Advertisement calls of Boophis marojezensis recorded at low elevation near a site known as “ Camp 0 ”, Marojejy National Park, on 26 November 2016 (22.8 ° C air temperature) consist of two different note types, namely calls starting with a short series of short, fast repeated notes, followed by three distinctly longer notes, which are separated by longer intervals. All notes are tonal in character, with long notes exhibiting a distinct upward frequency modulation, with a frequency shift comprising approximately 300 Hz. Amplitude across the entire call is slightly increasing, with the first short notes being relatively soft. Long notes have the maximum call energy in the middle of the note, but amplitude modulation within notes is somewhat irregular. Numerical parameters of two analyzed calls of different individuals are as follows: call duration 1129–1222 ms; notes / call 7–8; short note duration 30–51 ms (34.7 ± 7.5 ms); long note duration 147–259 ms (199.7 ± 44.7 ms); inter-note interval 19–179 ms (62.5 ± 55.9 ms); dominant frequency 4118–4347 Hz (4258 ± 82 Hz); prevalent bandwidth 3800–4500 Hz.

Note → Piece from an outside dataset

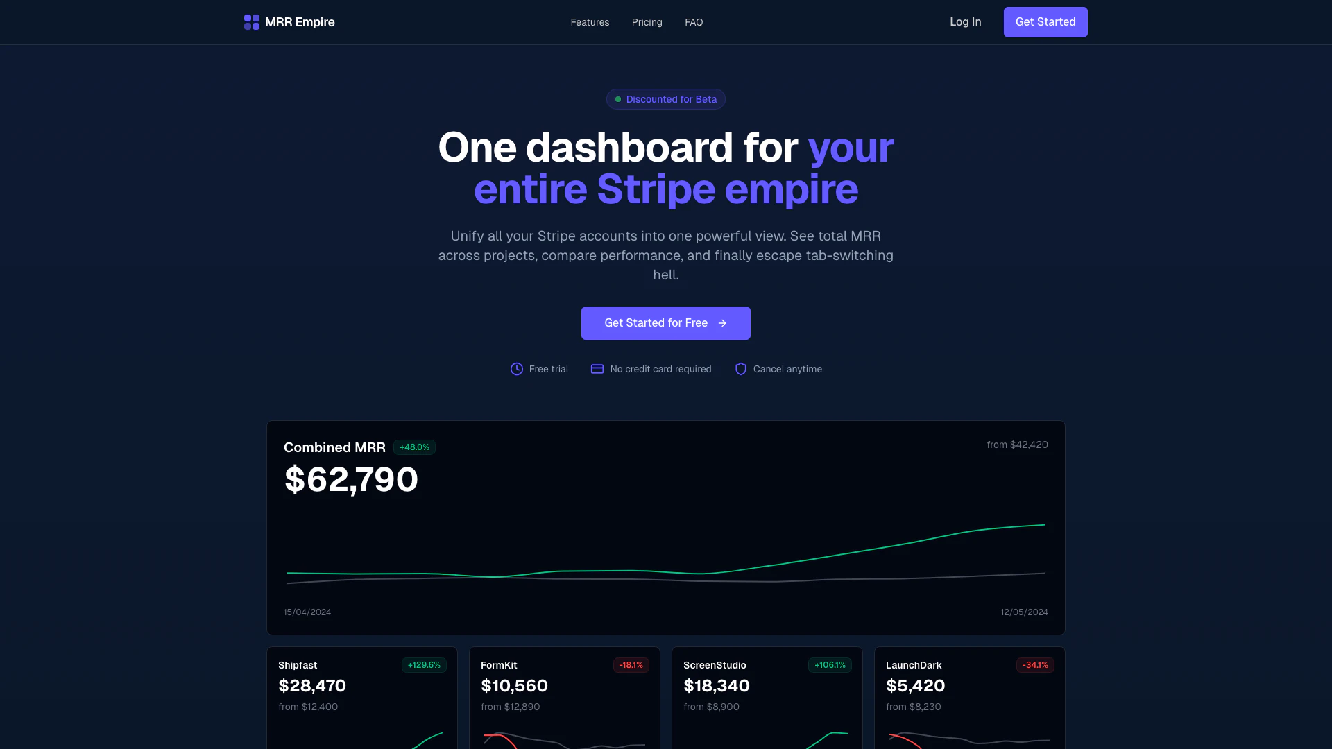 Mrrempire là một công cụ bảng điều khiển mạnh mẽ được thiết kế để thống nhất nhiều tài khoản Stripe thành một cái nhìn tổng quát. Nó cho phép người dùng, đặc biệt là các nhà sáng lập SaaS và doanh nhân, theo dõi Doanh thu Định kỳ Hàng tháng (MRR) qua nhiều dự án, so sánh các chỉ số hiệu suất và có được sự rõ ràng về danh mục đầu tư mà không cần chuyển đổi giữa các bảng điều khiển Stripe khác nhau. Công cụ này giải quyết những thách thức mà người dùng gặp phải khi quản lý nhiều nguồn doanh thu bằng cách cung cấp một nền tảng tập trung cho phân tích tài chính và ra quyết định.

These calls are in general agreement with those recorded at Marojejy on 20 March 1994, which, however, differ slightly in shorter inter-note intervals. Numerical parameters of two analyzed calls of the 1994 recording are as follows: call duration 764–1030 ms; notes / call 7–8; short note duration 15–49 ms (27.8 ± 10.6 ms); long note duration 142–231 ms (176.5 ± 38.1 ms); inter-note interval 22–61 ms (35.8 ± 14.1 ms); dominant frequency 4289–4441 Hz (4369 ± 64 Hz); prevalent bandwidth 4000–4700 Hz.

Distribution.

According to the molecular data summarized herein, the species is known from (1) the type locality, the Marojejy Massif at low elevation (close to “ Camp Mantella ”), (2) a second site at Marojejy (sample THC 302, sequence downloaded from GenBank; collected at 14.4467 ° S, 49.8251 ° E, 225 m a. s. l. by T. R. Fulgence), (3) the Masoala Peninsula near the Eco-Lodge “ Chez Arol ”, and (4) the Makira Reserve, at Analanjirofo near Simpona Lodge. Boophis marojezensis is a low-elevation species, known from 21–410 m a. s. l.